But my lone visit to Italy (an afternoon dash across the border from France) resulted in a tomato and mozzarella tramazini that in retrospect was cast from molten plastic. I was too busy being hopelessly in love with a beautiful woman to notice gastronomic shortcomings at the time, but the tramazini really was dire, and there certainly wasn't a lamb shank being offered as an alternative.
Authentic Italian?
I tried calling a couple of local Italian eateries to investigate. After having calls fielded by a Jan, a Bruce and a Thandiwe, I gave up. A belligerent, bellicose Luigi or Stefano would do for authentic guidance on Italian cuisine, but not the trio above. Sorry.

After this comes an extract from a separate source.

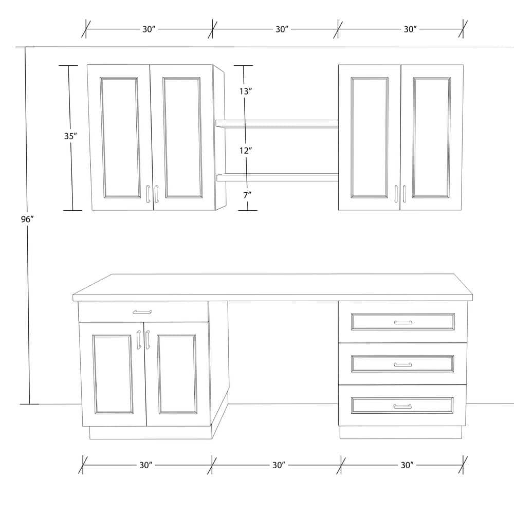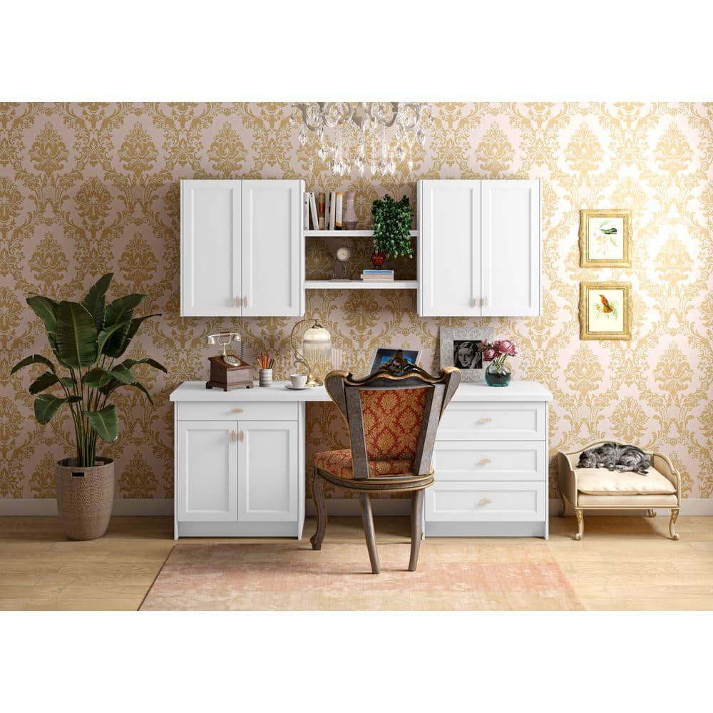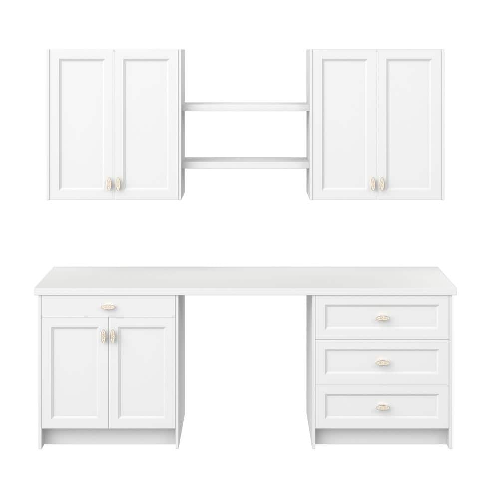 J COLLECTION Alton 90 in. W x 89.5 in. H x 24 in. D Painted Bright White in Shaker Assembled Base Office Cabinet Bundle

So if you're scrambling through this at an internet café in Milan, or you're an Italian chef with a suitably Italian name, or you're Roberto Baggio (which would be particularly cool), give me a shout about the lamb shank. I'd genuinely like to know.
The reason for this line of enquiry is a visit to La Campagnola, Italian for 'nice spot for well-off Joburgers with lots of money'. Or at least, that's what I thought it was...
La Campagnola had been passed on to me by way of recommendation with just a little too much smarmy endorsement to really endear itself, which is hardly the restaurant's fault, I suppose… anyway, I've finally given it a go, and to my quiet surprise, I liked it. A lot.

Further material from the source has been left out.